Stylistically, the movie looks and sounds like a really impressive cinematic from a Sega CD launch title circa 1992. The backgrounds are flat, the effects are crude, the voice dubbing is laughable, and the entire film looks like it was shot in front of a green screen with an old camcorder. All of that is by design. “Manborg” follows in the footsteps of recent movies like “The Lost Skeleton of Cadavra” and “The FP” in celebrating a time in genre filmmaking when imagination and creativity were more important than photorealism. No one will mistake anything in “Manborg” for reality, and that’s the point. The movie is a crazed fantasy, freed of the limitations of budget, taste, realism, or good common sense.
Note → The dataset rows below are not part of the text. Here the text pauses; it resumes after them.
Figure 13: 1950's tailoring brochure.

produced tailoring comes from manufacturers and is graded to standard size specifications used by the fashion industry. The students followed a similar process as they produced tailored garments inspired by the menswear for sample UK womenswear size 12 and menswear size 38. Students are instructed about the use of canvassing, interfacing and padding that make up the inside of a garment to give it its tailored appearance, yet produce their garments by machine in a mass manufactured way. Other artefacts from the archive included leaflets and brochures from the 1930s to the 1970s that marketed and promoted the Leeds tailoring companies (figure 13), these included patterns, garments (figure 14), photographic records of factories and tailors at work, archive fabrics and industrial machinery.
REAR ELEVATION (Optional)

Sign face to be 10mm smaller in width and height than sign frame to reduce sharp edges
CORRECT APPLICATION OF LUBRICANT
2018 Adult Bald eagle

It is about the aftermath of a war between man and the armies of hell, in a broken world controlled by an evil dictator named Count Draculon (Adam Brooks). A soldier who died in the war (Matthew Kennedy) awakens into this dark future with most of his body replaced, “Robocop”-style, by cybernetic enhancements. When someone asks him his name, he looks at his hands, one still marginally human, one covered with robotics. “Man…borg…” he replies. All righty, then.
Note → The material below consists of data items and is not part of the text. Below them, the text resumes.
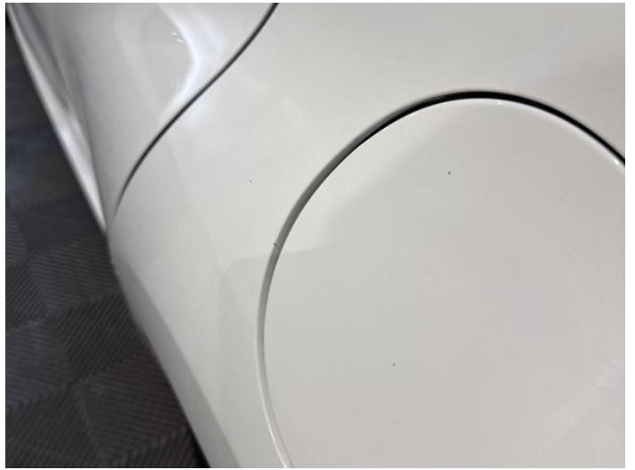
6: Qtr Panel nsr Chipped 1 To 5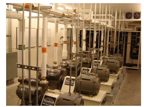
Clean machine room at a Farm Fresh store

environment for service technicians. Dirty refrigeration compressor racks, condensers, remote headers, and walk-in evaporator coils make it difficult for technicians to spot leaks. Compressor racks and their components should be free of oil and dirt. In addition, corrosion on steel components should be removed and components painted with a rust-inhibiting paint to help prevent future corrosion. Equipment should be thoroughly cleaned once a year, or more frequently in response to the accumulation of oil and dirt.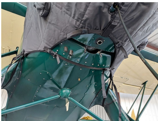
Wacon Cabin Biplane ZQC-6 Insulated Engine Cover

This cover type is made from Silver Acrylic Sunbrella canvas and is 100% lined with a soft and smooth microfiber. Bruce's Custom Covers developed this material combination especially for aircraft protection. The outer material is medium weight and treated for water resistance, UV resistance and anti-static buildup. The inner lining is a very soft and smooth microfiber to prevent scratching. The material is very reflective, and tests show that the cabin interior temperature can be reduced to near-ambient temperature on the hottest of days. It is water, ice and snow repellent, yet breathable to allow moisture to escape from between the cover and the aircraft surface.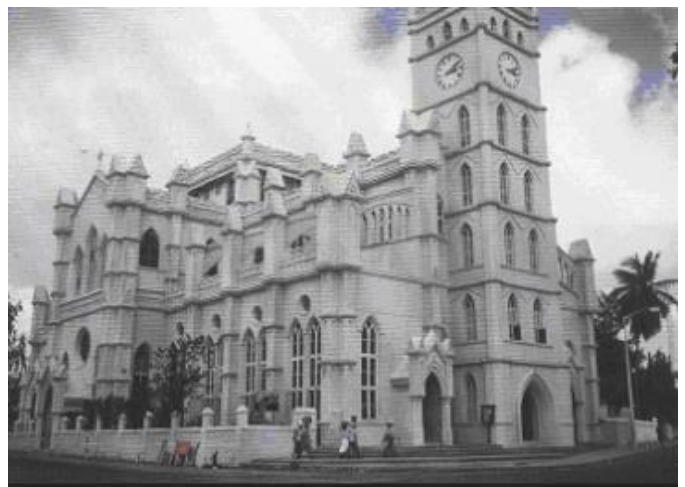
Plate 4.2.1. Exterior view of the church when it dominated its environment

later expanded to accommodate more. The construction was in three phases and lasted for 21 years with the first phase commencing on 21 April 1925 and the final phase being completed on 1<sup>st</sup> May 1946.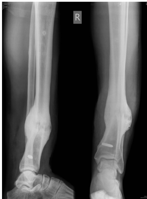
Fig. 6 – The X-rays of the left lower leg present the healed fracture of the left tibia with valgus deformity and partly broken pin of the external skeletal fixator, which was not removed from the tibial bone.

On the control X-ray examination of the left lower leg with ankle, which was made on May 25, 2011, the fracture of the most distal pin of external skeletal fixator was visible, besides the healing of fractures of the tibia with angular deformity – valgus of 10 degrees. Valgus deformity was the result of loosening pins of the external skeletal fixator and fracture of the distal pin of the external skeletal fixator (Figure 6).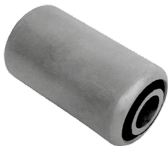
109.399 = BUCHA SILENCIOSA DIANTEIRA 12.170 A 16.220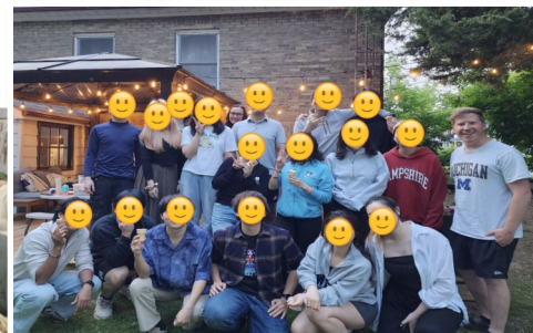
Typical weekly "Explore Nights" at the Medlers!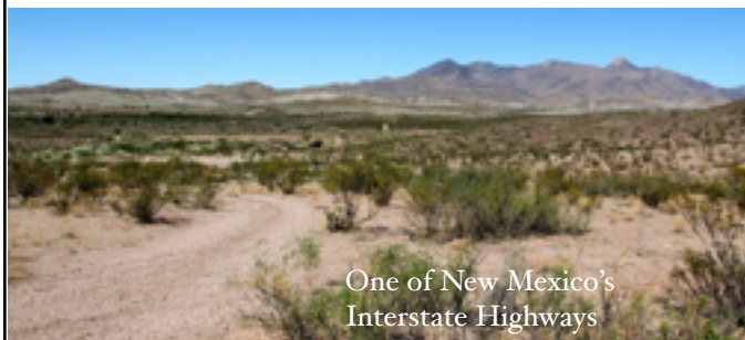
One of New Mexico's Interstate Highways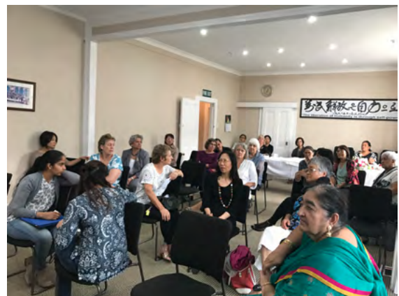
Question and Answer session

The spiritual atmosphere was very much alive at this event, and all the women appreciated the great sacrifices made by the coordinators and their volunteers. It was a great opportunity to network and make lasting friendships.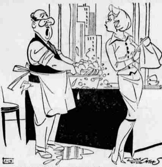
"Other firms' employees take their coffee breaks in paper cups!"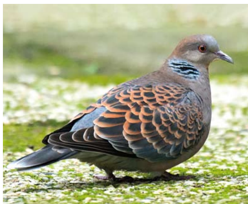
566 Green-winged Teal / Amerikaanse Wintertaling Anas carolinensis , male, Dijkmanshuizen, Texel, Noord-Holland, 10 March 2014 (Eric Menkveld) 567 Squacco Heron / Ralreiger Ardeola ralloides , Hilversumse Bovenmeent, Noord-Holland, 7 June 2014 (Rob Half) 568 Caspian Plover / Kaspische Plevier Charadrius asiaticus , first-winter, Wissenkerke, Zeeland, 24 January 2014 (Arnoud B van den Berg) 569 Oriental Turtle Dove / Oosterse Tortel Streptopelia orientalis , Vlaardingen, Zuid-Holland, 5 January 2015 (Arnoud B van den Berg)

merlie en Spaarnwoude , Noord-Holland, adult male.

Captured by Draculon’s forces, Manborg is forced into gladiatorial combat alongside a few other feisty human survivors, including a karate fighter (Ludwig Lee), a marksman (Conor Sweeney), and a knife wielding hot chick (Meredith Sweeney). Together they rebel against their overlords and plot to destroy Draculon. Along the way there are some surprisingly effective, anime-influenced fight scenes and some really good comic relief from a character called The Baron (Jeremy Gillespie), a future demonspawn warlord who has a crush on the knife wielding hot chick but doesn’t know how to talk to her. “You may be Prisoner #7, but you’re Prisoner #1 in my heart,” he stammers through a lipless, desiccated mouth held permanently in place by metal clamps.

Manborg himself is a fun character, but he’s also a living, breathing declaration of principles for high-flying, low-fi-ing Canadian filmmaking collective Astron-6, whose five members — Kostanski, Kennedy, Brooks, Sweeney, and Gillespie — did basically everything on the film from the acting to the special effects to the screenplay, and who assert on their website that their films, inspired by the “obscure VHS movies of the ’80s,” are financed “by pure, naive passion and ignorance alone.” Manborg, this hideous beast of a hero cobbled together from spare parts, symbolizes the power of discarded junk.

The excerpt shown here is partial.